KKK's historical information on the website of Johnny Clary, a former Klansman-turned-pastor, suggests that membership in the white supremacy organization has increased since President Barak Obama entered the Oval Office.

"Since the election of Barack Obama the KKK is now enjoying a huge surge in membership, and there are at least 1,000 white power organizations operating in the United States, either under the name of the Ku Klux Klan or under other names with the exact same agenda and beliefs," it states, adding that the "FBI, SPLC and ADL put support and membership at an all-time alarming rate."

This argument is corroborated by Ancona, who notes, "in the last six years that I've been president of this organization, I've seen the numbers probably triple," and adds that the KKK is recruiting new members.
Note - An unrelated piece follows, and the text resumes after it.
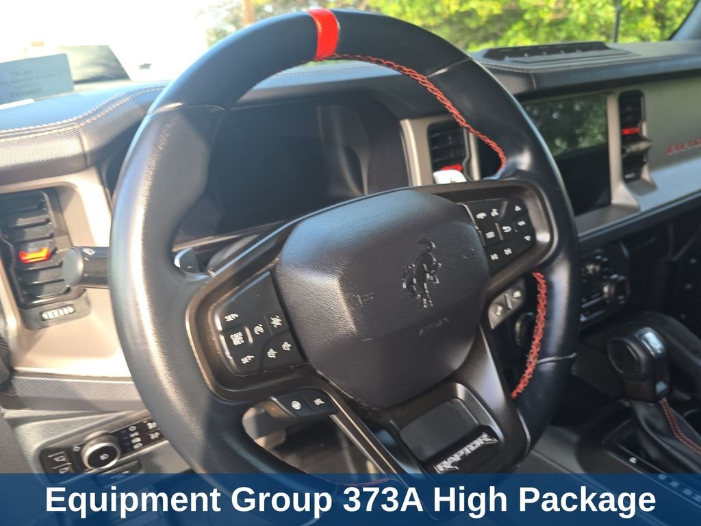 This Bronco is well equipped with Equipment Group 373A High Package, Bronco Raptor, 4D Sport Utility, 3.0L EcoBoost V6, 10-Speed Automatic, 4WD, Azure Gray Metallic Tri-Coat, Black Onyx Vinyl, 4-Wheel Disc Brakes, 4.7 Axle Ratio, 7 Speakers, ABS brakes, Air Conditioning, Alloy wheels, AM/FM radio: SiriusXM with 360L, AM/FM Stereo, Auto High-beam Headlights, Auto-dimming Rear-View mirror, Automatic temperature control, Brake assist, Compass, Connected Navigation, Convertible HardTop, Convertible roof lining, Delay-off headlights, Driver door bin, Driver vanity mirror, Dual front impact airbags, Dual front side impact airbags, Electronic Stability Control, Emergency communication system: 911 Assist, Exterior Parking Camera Rear, Front anti-roll bar, Front Bucket Seats, Front Center Armrest, Front dual zone A/C, Front fog lights, Front reading lights, Front wheel independent suspension, Fully automatic headlights, Glass rear window, Hard Top Sound Deadening Headliner (DISC), Heated door mirrors, Heated front seats, Illuminated entry, Integrated roll-over protection, Leather Shift Knob, Low tire pressure warning, Marine Grade Vinyl Bucket Seats, Navigation system: Connected Navigation, Occupant sensing airbag, Outside temperature display, Overhead airbag, Overhead console, Panic alarm, Passenger door bin, Passenger vanity mirror, Power door mirrors, Power steering, Power windows, Radio data system, Radio: 6 Speakers w/Subwoofer Delete, Rear anti-roll bar, Rear seat center armrest, Rear window defroster, Rear window wiper, Remote keyless entry, Security system, SiriusXM Radio w/360L, Speed control, Split folding rear seat, Steering wheel mounted audio controls, SYNC 4, Tachometer, Telescoping steering wheel, Tilt steering wheel, Traction control, Trip computer, Turn signal indicator mirrors, Variably intermittent wipers, Voltmeter, Wheels: 17" Black High Gloss-

Currently, KKK members are distributing dozens of flyers across Chesterfield County, the third most populous county in Virginia, located just southwest of Richmond, the capitol.

While NBC 12 said that every individual with whom they talked threw away the Klan recruitment fliers, Ancona said his group's message had been well received.

"The funny thing is the same neighborhoods where you're saying there are people who don't want the flier are neighborhoods where our members live," said Ancona. "And neighborhoods where people are sympathetic to our cause and are glad to hear from us. We get emails from people encouraging us...thanking us for the information."

On his LinkedIn page, Ancona summarizes the work of his organization as striving "to increase awareness of the destruction of our constitutional rights and the plight of the white race in America. We teach traditional American values and keep alive our heritage and culture as Americans."

Ancona lists the American Civil Liberties Union, which has represented the KKK legally from time-to-time, and church ministry and church leadership among his affiliations. He describes his interests as "history, heritage, restoring our republic and Constitution as originally written. ... Educating the true chosen children of God, shining the light of Christ to dispel darkness, ingnorance [sic] and gloom.